Activity: Pictures stay out of this copy, which runs from the first line of the material through the line containing "Lãnh đạo Đảng".

Source material:
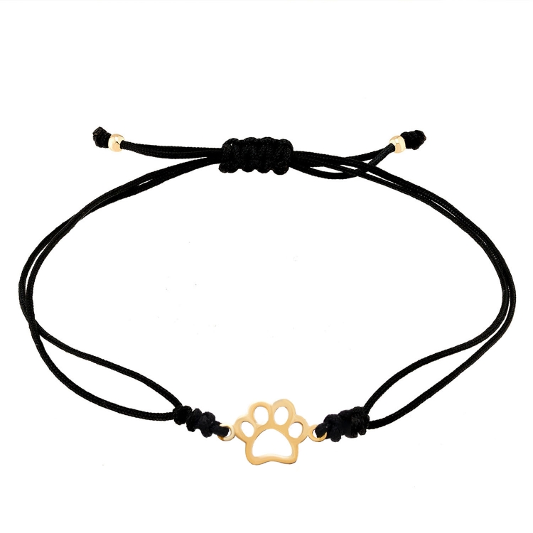 Bransoleta złota na czarnym sznurku łapka psia/kocia BNS320
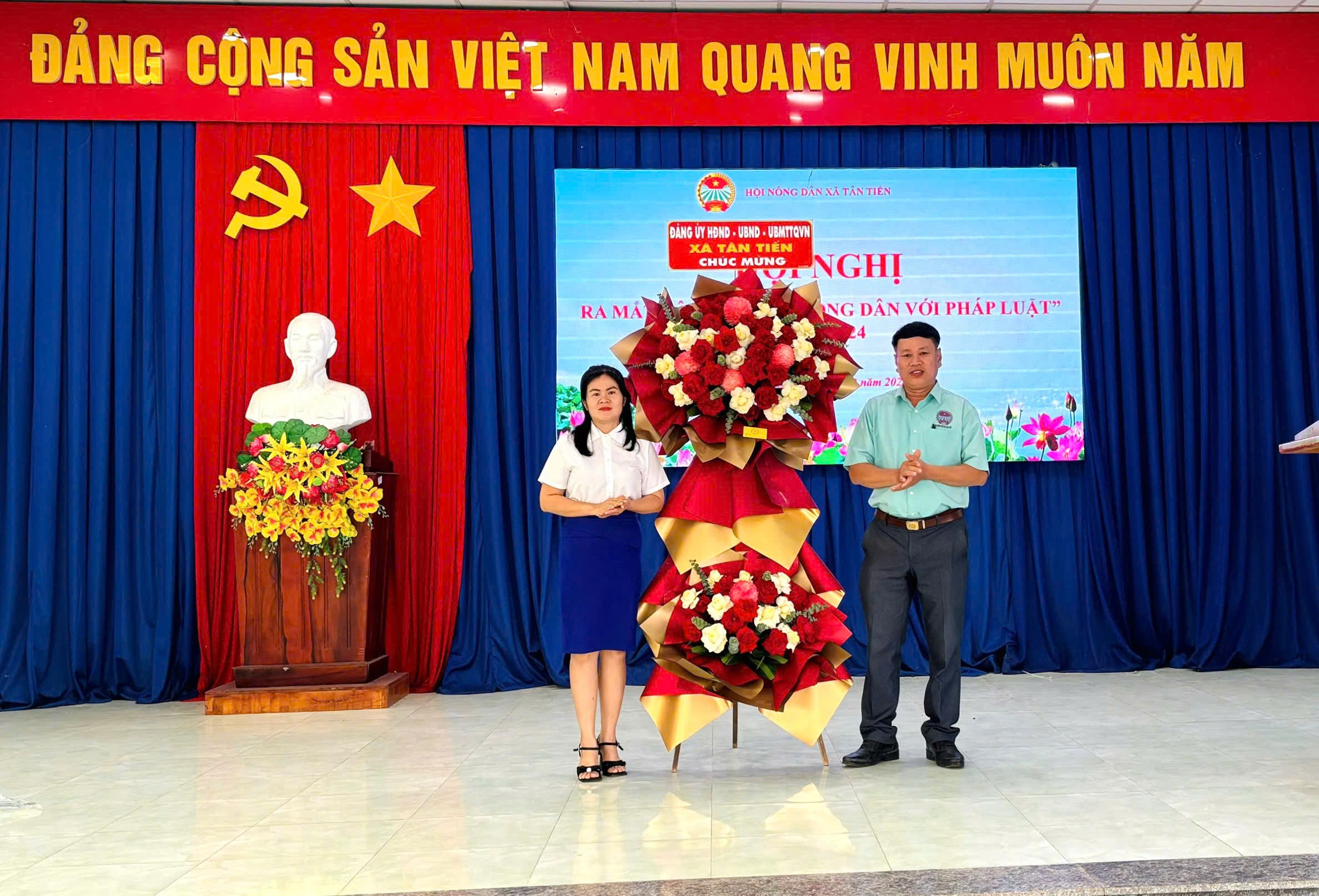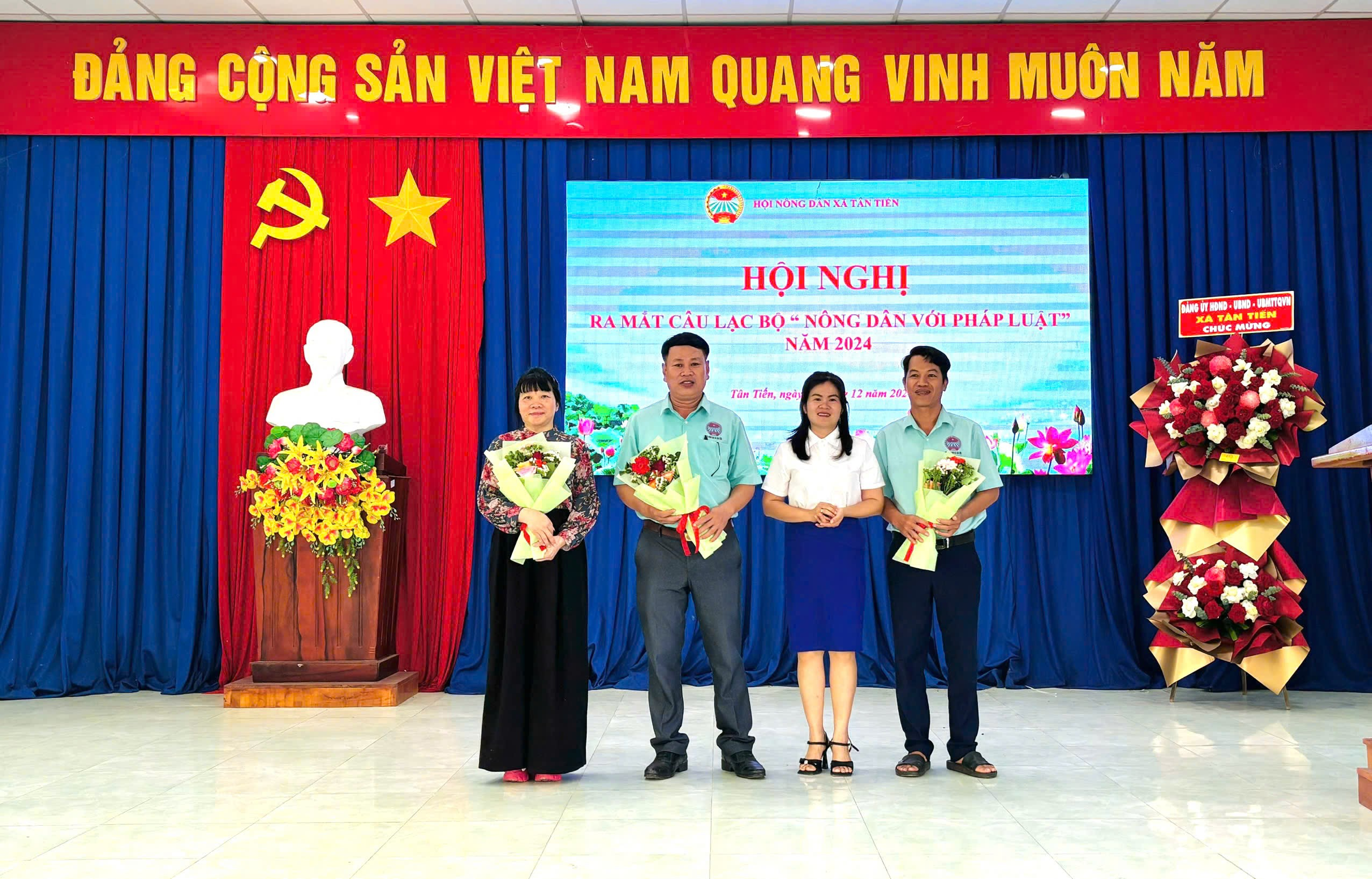 Lãnh đạo Đảng ủy-HĐND- UBND-UBMTTQ xã tặng hoa chúc mừng CLB “Nông dân với pháp luật” được thành lập
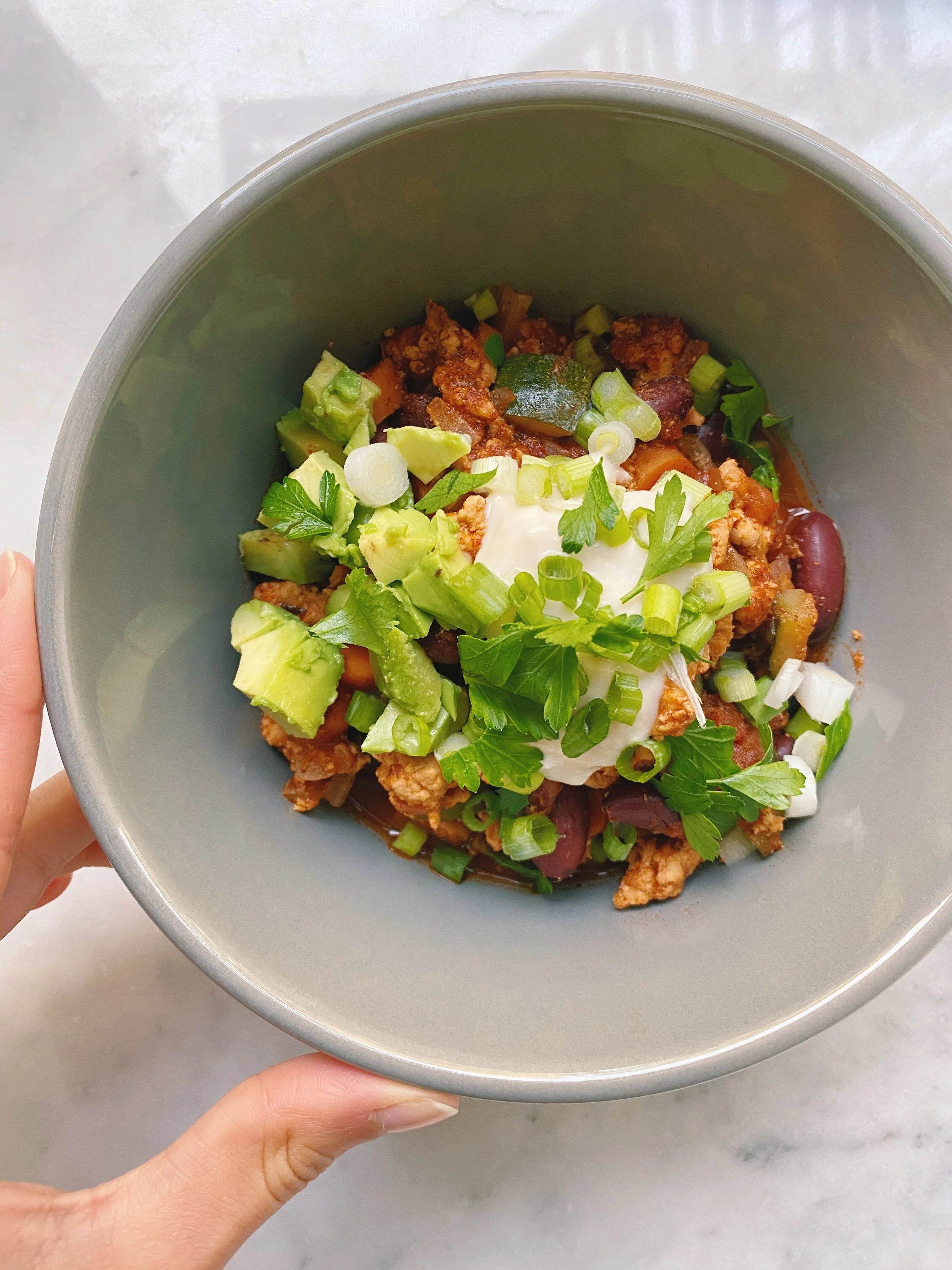 Once the chili has been simmering, add in the kidney beans (you don’t want to add too early because they can get mushy) and let heat for 1-2 minutes.

Expected answer:
 Bransoleta złota na czarnym sznurku łapka psia/kocia BNS320
 Lãnh đạo Đảng ủy-HĐND- UBND-UBMTTQ xã tặng hoa chúc mừng CLB “Nông dân với pháp luật” được thành lập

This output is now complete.